Der Lockdown wird verlängert, die Abgabefrist für die Steuererklärung wird verschoben und die Wiedereinführung der Meisterpflicht jährt sich zum ersten Mal. Alles was Sie dazu wissen müssen und welche Änderungen im Februar 2021 noch anstehen, zeigt unser Überblick zum Monatswechsel.

Kaum ein Monat vergeht, in dem wegen der Corona-Krise keine wichtigen Änderungen und neuen Maßnahmen anstehen – da ist auch der Februar keine Ausnahme. Welche Termine im Februar 2021 außerdem wichtig sind und auf welche Veränderungen sich Betriebe und Verbraucher einstellen müssen, zeigt dieser Überblick.

Änderungen und neue Gesetze im Februar 2021

Lockdown bis 14. Februar verlängert

Der eigentlich bis Ende Januar angesetzte Lockdown zur Eindämmung der Corona-Pandemie wird angesichts hoher Infektions- und Todeszahlen bis Mitte Februar verlängert.
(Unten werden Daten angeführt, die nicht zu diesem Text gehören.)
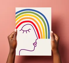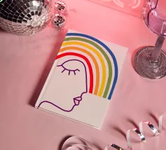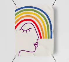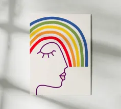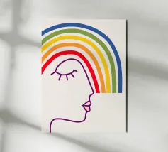 Un ritratto in line-art sereno e suggestivo che presenta un profilo astratto minimale con fluenti capelli arcobaleno: un omaggio al Pride, all'inclusione, all'uguaglianza e al vibrante spettro dell'espressione di sé. Su uno sfondo beige morbido e strutturato, con un sottile tocco retrò, quest'opera d'arte celebra l'amore in tutte le sue forme con tranquilla fiducia e forza.

Das haben Bundeskanzlerin Angela Merkel (CDU) und die Ministerpräsidenten der Länder am 19. Januar beschlossen. Sie vereinbarten auch, die Maskenpflicht zu verschärfen. So müssen künftig in öffentlichen Verkehrsmitteln und Geschäften OP-Masken oder Mund-Nase-Bedeckungen des Standards KN95/N95 oder FFP2 getragen werden. Außerdem müssen Arbeitgeber ihren Beschäftigten das Arbeiten von zu Hause aus überall dort ermöglichen, wo es die Tätigkeiten zulassen.
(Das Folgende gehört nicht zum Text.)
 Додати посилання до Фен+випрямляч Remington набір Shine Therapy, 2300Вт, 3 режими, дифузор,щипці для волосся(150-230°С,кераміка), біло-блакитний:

Der verlängerte Lockdown trifft einige Gewerke aus dem Handwerk direkt wie etwa Friseure und Kosmetiker. B äcker, Konditoren und Metzger haben zudem massive Einbußen durch die Schließung ihrer Cafés bzw. Mittagsimbisse. Auch die Gewerke rund um Messen, Ausstellungen und Veranstaltungen leiden aktuell sehr unter dem Lockdown.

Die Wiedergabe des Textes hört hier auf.